No, we don't - the concept of EINTR doesn't really exist on win32, since
there are no signals..


> > But it is true that we have mixed error codes. But we only do that when we
> > know they're actually there. If we have an unknown code, we don't just
> > return it as EINVAL without logging (as open did before) - and that log 
> > goes out as LOG.
> 
> Yeah, I understand.  But for example there are several different cases
> that are mapped to EACCES.  In the cases we're currently following,
> having the exact error code could prove crucial to determining the cause
> of the error.

Yeah, agreed.

//Magnus



Re: pgwin32_open returning EINVAL

From
Alvaro Herrera
Date:
Magnus Hagander wrote:
> On Thu, Nov 29, 2007 at 09:43:30AM -0300, Alvaro Herrera wrote:
> > Magnus Hagander wrote:

> > > Maybe. I'm concerned we might end up logging a whole lot more, for cases
> > > where it's not an actual error. For example, a file that doesn't exist
> > > doesn't necessarily mean it's an error... I don't want to have to go
> > > through all code-paths that end up calling that function to see if that may
> > > be so...
> >
> > I just checked.  I see there are only five callers.  In three cases (two
> > in file/fd.c and one in port/dirent.c), there is at a single error code
> > which is "possibly expected".  It is taken care of without calling
> > _dosmaperr at all.  In syslogger.c there are two possibly expected error
> > codes, dealt with in the same way.  And the last caller is
> > port/getrusage.c, which has no possibly-expected error code.
> > 
> > So I don't think this is a concern -- whenever _dosmaperr is called, a
> > "true" error message is already going to be logged.
> 
> What about all points that call readdir() which maps to that acll in
> port/dirent.c?

Sorry, I don't follow.  I think the expected case is that FindNextFile
fails with ERROR_NO_MORE_FILES when there are no more files, on which
case we don't call _dosmaperr.

...

Oh, I see what you mean: for the unexpected cases that readdir() does
call _dosmaperr, readdir returns NULL but what does the caller do?

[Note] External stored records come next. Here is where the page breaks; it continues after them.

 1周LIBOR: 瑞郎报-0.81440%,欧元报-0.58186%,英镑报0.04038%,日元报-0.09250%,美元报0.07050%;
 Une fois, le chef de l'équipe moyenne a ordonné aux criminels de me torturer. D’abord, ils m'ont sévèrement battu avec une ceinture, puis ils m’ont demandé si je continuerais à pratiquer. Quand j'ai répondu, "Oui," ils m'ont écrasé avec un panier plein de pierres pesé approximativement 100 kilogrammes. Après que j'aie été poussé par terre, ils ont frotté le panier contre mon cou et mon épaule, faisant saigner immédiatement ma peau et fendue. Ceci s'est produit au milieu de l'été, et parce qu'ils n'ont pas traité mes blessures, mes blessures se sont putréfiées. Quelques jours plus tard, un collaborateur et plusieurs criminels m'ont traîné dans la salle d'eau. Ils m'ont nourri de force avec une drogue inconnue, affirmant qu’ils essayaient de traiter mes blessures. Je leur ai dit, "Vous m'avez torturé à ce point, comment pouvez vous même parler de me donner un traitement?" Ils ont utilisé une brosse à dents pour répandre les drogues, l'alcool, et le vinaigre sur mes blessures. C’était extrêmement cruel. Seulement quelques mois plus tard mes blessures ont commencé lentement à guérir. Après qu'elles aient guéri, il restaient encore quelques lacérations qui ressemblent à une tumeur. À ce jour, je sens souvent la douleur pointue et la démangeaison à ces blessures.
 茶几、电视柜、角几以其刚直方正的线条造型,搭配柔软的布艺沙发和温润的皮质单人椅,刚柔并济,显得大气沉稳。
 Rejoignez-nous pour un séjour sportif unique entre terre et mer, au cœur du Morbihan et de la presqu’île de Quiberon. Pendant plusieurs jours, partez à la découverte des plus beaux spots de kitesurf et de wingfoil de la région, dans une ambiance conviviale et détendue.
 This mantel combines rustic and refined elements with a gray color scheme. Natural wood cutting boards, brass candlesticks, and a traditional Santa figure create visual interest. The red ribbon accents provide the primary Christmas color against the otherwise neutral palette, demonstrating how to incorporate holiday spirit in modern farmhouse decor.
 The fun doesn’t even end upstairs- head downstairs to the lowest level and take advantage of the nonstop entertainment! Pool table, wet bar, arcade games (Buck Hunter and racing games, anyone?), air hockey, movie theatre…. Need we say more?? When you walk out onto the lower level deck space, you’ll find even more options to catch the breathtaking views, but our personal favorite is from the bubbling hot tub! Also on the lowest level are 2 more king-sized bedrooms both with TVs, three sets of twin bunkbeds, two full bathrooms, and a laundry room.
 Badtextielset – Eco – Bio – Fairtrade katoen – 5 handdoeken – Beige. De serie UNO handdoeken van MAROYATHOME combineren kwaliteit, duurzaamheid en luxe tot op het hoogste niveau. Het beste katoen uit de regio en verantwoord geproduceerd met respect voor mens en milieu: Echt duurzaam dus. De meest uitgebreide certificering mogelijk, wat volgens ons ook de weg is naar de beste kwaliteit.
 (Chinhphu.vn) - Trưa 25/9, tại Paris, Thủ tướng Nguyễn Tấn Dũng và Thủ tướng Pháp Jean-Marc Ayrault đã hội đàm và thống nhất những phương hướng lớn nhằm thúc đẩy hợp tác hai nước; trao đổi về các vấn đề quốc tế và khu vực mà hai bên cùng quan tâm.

The good news is that most callers of readdir are in frontend programs:
pg_standby, initdb, pg_resetxlog.  There are two callers in the backend:
file/fd.c again, which already calls ereport(ERROR) if anything weird
happen, and pgfnames() which also logs a WARNING.

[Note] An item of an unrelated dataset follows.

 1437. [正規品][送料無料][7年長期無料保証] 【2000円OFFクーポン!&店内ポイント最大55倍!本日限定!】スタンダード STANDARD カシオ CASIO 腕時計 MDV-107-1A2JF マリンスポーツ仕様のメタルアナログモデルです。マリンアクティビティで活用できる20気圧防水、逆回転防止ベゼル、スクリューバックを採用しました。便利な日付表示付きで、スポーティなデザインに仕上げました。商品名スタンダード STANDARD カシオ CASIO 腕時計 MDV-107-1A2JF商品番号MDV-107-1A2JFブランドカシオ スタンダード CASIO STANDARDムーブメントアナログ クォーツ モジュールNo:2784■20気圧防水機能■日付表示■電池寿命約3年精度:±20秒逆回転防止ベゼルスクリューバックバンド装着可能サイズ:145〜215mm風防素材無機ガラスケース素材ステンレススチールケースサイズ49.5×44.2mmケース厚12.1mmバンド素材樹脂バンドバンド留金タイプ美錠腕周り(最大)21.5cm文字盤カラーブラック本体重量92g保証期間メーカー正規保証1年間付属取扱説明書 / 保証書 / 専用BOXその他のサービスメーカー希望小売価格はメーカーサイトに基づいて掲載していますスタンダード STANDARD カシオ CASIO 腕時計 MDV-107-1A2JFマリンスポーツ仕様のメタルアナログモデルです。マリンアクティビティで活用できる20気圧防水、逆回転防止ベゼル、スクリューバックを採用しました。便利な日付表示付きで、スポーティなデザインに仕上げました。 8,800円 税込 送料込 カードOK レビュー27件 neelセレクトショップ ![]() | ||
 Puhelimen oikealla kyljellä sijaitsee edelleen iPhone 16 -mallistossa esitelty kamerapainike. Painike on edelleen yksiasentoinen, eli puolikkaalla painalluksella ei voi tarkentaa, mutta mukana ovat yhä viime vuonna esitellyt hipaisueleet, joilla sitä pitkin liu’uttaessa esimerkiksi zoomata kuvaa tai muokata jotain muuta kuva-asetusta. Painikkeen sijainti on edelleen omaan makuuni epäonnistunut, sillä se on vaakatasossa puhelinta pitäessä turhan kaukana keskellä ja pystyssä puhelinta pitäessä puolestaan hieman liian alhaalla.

Callers in frontend programs are not a problem, because the current
_dosmaperr already calls fprintf(stderr) with the code mapping message
in all cases.


Hmm, I just noticed a bug in those fprintf calls -- they are missing
the terminating newline.  Please change that too if you're going to
patch this part of the code.  In order to avoid translation problems, I
think it should be like this:

fprintf(stderr, _("mapped win32 error code %lu to %d" "\n"), e, errno);

Thanks!

-- 
Alvaro Herrera                 http://www.amazon.com/gp/registry/CTMLCN8V17R4
One man's impedance mismatch is another man's layer of abstraction.
(Lincoln Yeoh)


Re: pgwin32_open returning EINVAL

From
Tom Lane
Date:
Alvaro Herrera <alvherre@alvh.no-ip.org> writes:
> Magnus Hagander wrote:
>>> Maybe. I'm concerned we might end up logging a whole lot more, for cases
>>> where it's not an actual error.

I'm very concerned about that too, and think that DEBUG5 is just fine.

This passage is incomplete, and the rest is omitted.